This feature release of Norconex Importer brings bug fixes, enhancements, and great new features, such as OCR and translation support. Keep reading for all the details on some of this release’s most interesting changes. While Java can be used to configure and use the Importer, XML configuration is used here for demonstration purposes. You can find all Importer configuration options here.
About Norconex Importer
Norconex Importer is an open-source product for extracting and manipulating text and metadata from files of various formats. It works for stand-alone use or as a Java library. It’s an essential component of Norconex Collectors for processing crawled documents. You can make Norconex Importer an essential piece of your ETL pipeline.
Norconex Importer now leverages Apache Tika 1.7’s newly introduced ORC capability. To convert popular image formats (PNG, TIFF, JPEG, etc.) to text, download a copy of Tesseract OCR for your operating system, and reference its install location in your Importer configuration. When enabled, OCR will process embedded images too (e.g., PDF with image for text).
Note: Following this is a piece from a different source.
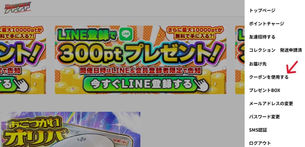 アドアドオリパのクーポンコードは、ログイン後のメニューから入力画面を表示して利用できます。
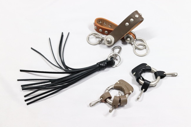 上質で柔らかいレザーのタッセルを束ねたキーリング。

The class configure to enable OCR support is GenericDocumentParserFactory.
<documentParserFactory class="com.norconex.importer.parser.GenericDocumentParserFactory" > <ocr path="(path to Tesseract OCR software install)"> <languages>eng,fra</languages> </ocr> </documentParserFactory>
With the new TranslatorSplitter class, it’s now possible to hook Norconex Importer with a translation API. The Apache Tika API has been extended to provide the ability to translate a mix of document content or specific document fields. The translation APIs supported out-of-the-box are Microsoft, Google, Lingo24, and Moses.
<postParseHandlers> <spitter class="com.norconex.importer.handler.splitter.impl.TranslatorSplitter" api="microsoft"> <clientId>YOUR_CLIENT_ID</clientId> <secretId>YOUR_SECRET_ID</secretId> </spitter> </postParseHandlers>
Dynamic title creation
Too many documents do not have a valid title, when they have a title at all. What if you need a title to represent each document? What do you do in such cases? Do you take the file name as the title? Not so nice. Do you take the document property called “title”? Not reliable. You now have a new option with the TitleGeneratorTagger. It will try to detect a decent title out of your document. In cases where it can’t, it offers a few alternate options. You always get something back.
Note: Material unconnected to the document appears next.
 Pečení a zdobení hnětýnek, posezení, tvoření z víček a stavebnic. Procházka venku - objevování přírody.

<postParseHandlers> <tagger class="com.norconex.importer.handler.tagger.impl.TitleGeneratorTagger" toField="generated_title" fallbackMaxLength="250" detectHeading="true" detectHeadingMinLength="10" detectHeadingMaxLength="500" /> </postParseHandlers>
Saving of parsing errors
A new top-level configuration option was introduced so that every file generating parsing errors gets saved in a location of your choice. These files will be saved along with the metadata obtained so far (if any), along with the Java exception that was thrown. This is a great addition to help troubleshoot parsing failures.
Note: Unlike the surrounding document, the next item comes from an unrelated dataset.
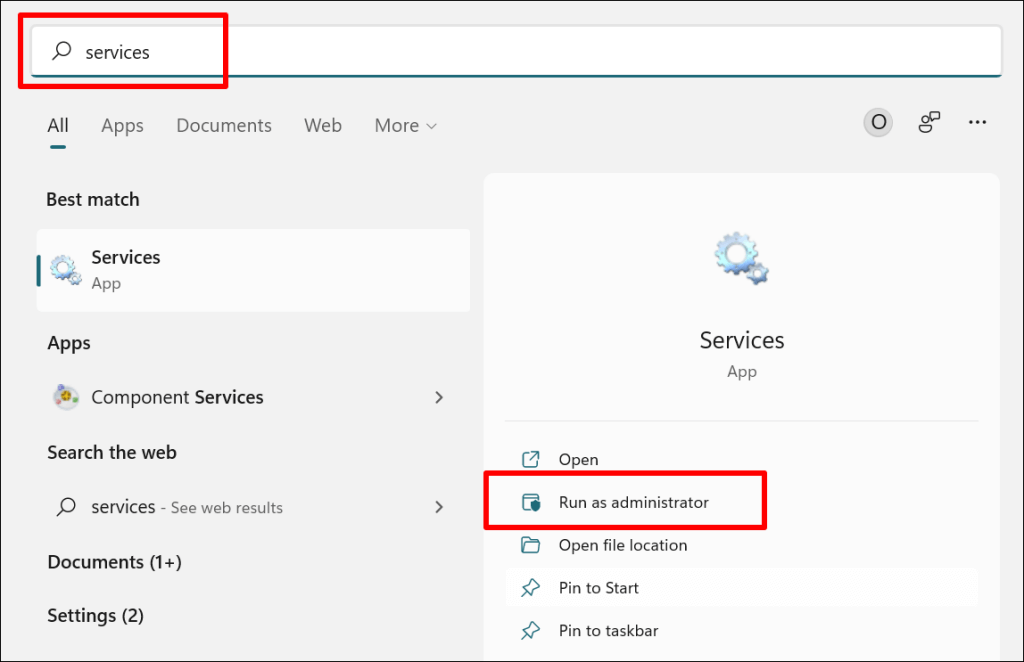 - Open the Windows Start Menu, type services in the search bar, and select Run as administrator below the Services app.

<importer> <parseErrorsSaveDir>/path/to/store/bad/files</parseErrorsSaveDir> </importer>
Document parsing improvements
The content type detection accuracy and performance were improved with this release. In addition, document parsing features the following additions and improvements:
- Better PDF support with addition of PDF XFA (dynamic forms) text extraction, as well as improved space detection (eliminating many space-stripping issues). Also, PDFs with JBIG2 and jpeg2000 image formats are now parsed properly.
- New XFDL parser (PureEdge Extensible Forms Description Language). Supports both Gzipped/Base64 encoded and plain text versions.
- New, much improved WordPerfect parser now parsing WordPerfect documents according to WordPerfect file specifications.
- New Quattro Pro parser for parsing Quattro Pro documents according to Quattro Pro file specifications.
- JBIG2 and jpeg2000 image formats are now recognized.
You want more?
The list of changes and improvements doesn’t stop here. Read the product release notes for a complete list of changes.
Unfamiliar with this product? No sweat — read this “Getting Started” page.
If not already out when you read this, the next feature release of Norconex HTTP Collector and Norconex Filesystem Collector will both ship with this version of the Importer. Can’t wait for the release? Manually upgrade the Norconex Importer library to take advantage of these new features in your favorite crawler.